Hope and optimism howled at full volume

A people’s history of Zimbabwe’s first mbira punk band, Chikwata 263, who wanted a soundtrack for the country’s post-post colonial blues.

Chikwata 263. Image credit Liam Brickhill.

There was a simple Shona song that I sang in the early 1980s with Solidarity Band. It goes “Hama ngatibatanei, nharini, nharini; hama musa vengani, nharini, nharini; toda rufaro muZimbabwe, nharini, nharini …” It’s a kind of personal, naive theme song, simple ideas and sentiments. I did not compose it, that would be Shaky Kangwena of the Solidarity Band and Bhundu Boys, but I sang it from the heart, my belief being when we see each other like we really are, as relatives, (hama ngatibatanei), the unity will be nharini, nharini (forever, forever).

– Paul Brickhill

Hama ngatibatanei
Hama ngatibatanei
Hama ngatibatanei
Oh-hiye-hiye-hey!

– Chikwata 263, “Mhondoro”

This is a love song, set to three chords and the truth. It is the story of a guitar, standing in front of a mbira, asking it to love punk. It is the story of Chikwata 263, Zimbabwe’s first mbira punk band.

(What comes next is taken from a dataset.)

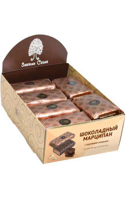 Кедровый марципан из кедрового ореха покрытые шоколадной глазурью – самые популярные батончики от «Сибирского кедра» среди детей и взрослых Пикантный вкус и яркое послевкусие марципана удивят даже бывалых ценителей сладостей. Кедровый марципан – это удивительный десерт, который покоряет сердца гурманов своим неповторимым вкусом и ароматом. Марципан может быть как самостоятельным полезным перекусом, так и дополнением к чаю или любому другому любимому напитку. Конфеты марципан в упаковке шоу-бокс подходят для подарка или угощения для друзей и близких.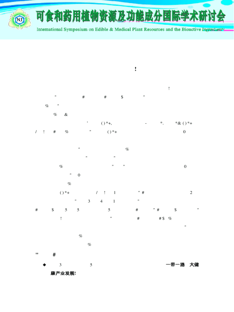 6th International Symposium on Edible & Medical Plant Resources and the Bioactive Ingredients (First Circular) The International Symposium on Edible & Medical Plant Resources and the Bioactive Ingredients,

This story echoes across generations, reverberating through the metallic buzz of the mbira, this analogue telephone to the ancestors, raising the frequency of meeting points and miscegenation at the junction of the sacred and the secular. It is the sound of music returning home, swimming upstream with a shimmering melodicism to the headwaters. The song of the deeptime hum of mystery in this place, Zimbabwe. Strange vibrations.

Unrepeatable, ungovernable, virtually unheard of outside of the only country where such an artistic experiment might ever have taken place, at a certain time, at a certain place, Chikwata 263 is Zimbabwean hope and optimism transmogrified through mukwa and metal, and howled at full volume.

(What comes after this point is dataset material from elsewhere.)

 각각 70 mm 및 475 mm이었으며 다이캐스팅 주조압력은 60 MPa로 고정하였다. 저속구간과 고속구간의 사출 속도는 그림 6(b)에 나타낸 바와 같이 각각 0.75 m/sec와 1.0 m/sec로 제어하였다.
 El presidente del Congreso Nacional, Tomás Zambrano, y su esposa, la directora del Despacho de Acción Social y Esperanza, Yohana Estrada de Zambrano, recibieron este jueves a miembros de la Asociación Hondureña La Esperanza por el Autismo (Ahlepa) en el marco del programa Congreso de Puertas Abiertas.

In its original line-up—Tomás Lutuli Brickhill, “Hectic” Hector Rufaro Mugani, Blessing “Bled” Chimanga and Ray “Ray” Mupfumira—Chikwata 263 bristled with punk bravado. Brazen guttersnipes who were cheeky enough to try this shit,daring to hold up a cracked mirror refraction of a beautiful, broken place, and sincere enough to pull it off.

“From the beginning, Chikwata never played by the book, because we were breaking all the laws,” Ray tells me. “Mixing mbira and punk. We broke all the laws.”

We’re sitting on the lawn behind a suburban restaurant in Harare, just before Christmas in 2021, and the Chikwata boys are taking a breather during a long day spent driving around in Ray’s battered pick-up truck, volunteering to hand out food parcels to the homeless and the hungry of the city in the midst of a pandemic that has made the hard times even harder.

“So you’re punks, have you heard of The Ramones?” one of the other volunteers asks him.

“Have they heard of us?” Ray shoots back, not missing a beat.

Further Reading

Swag, Swag, #Swag

I have been a little silent lately here on AIAC. I’m gonna start posting more, although perhaps in briefer form (do visit duttyartz.com to see some of what I’ve been up to recently). …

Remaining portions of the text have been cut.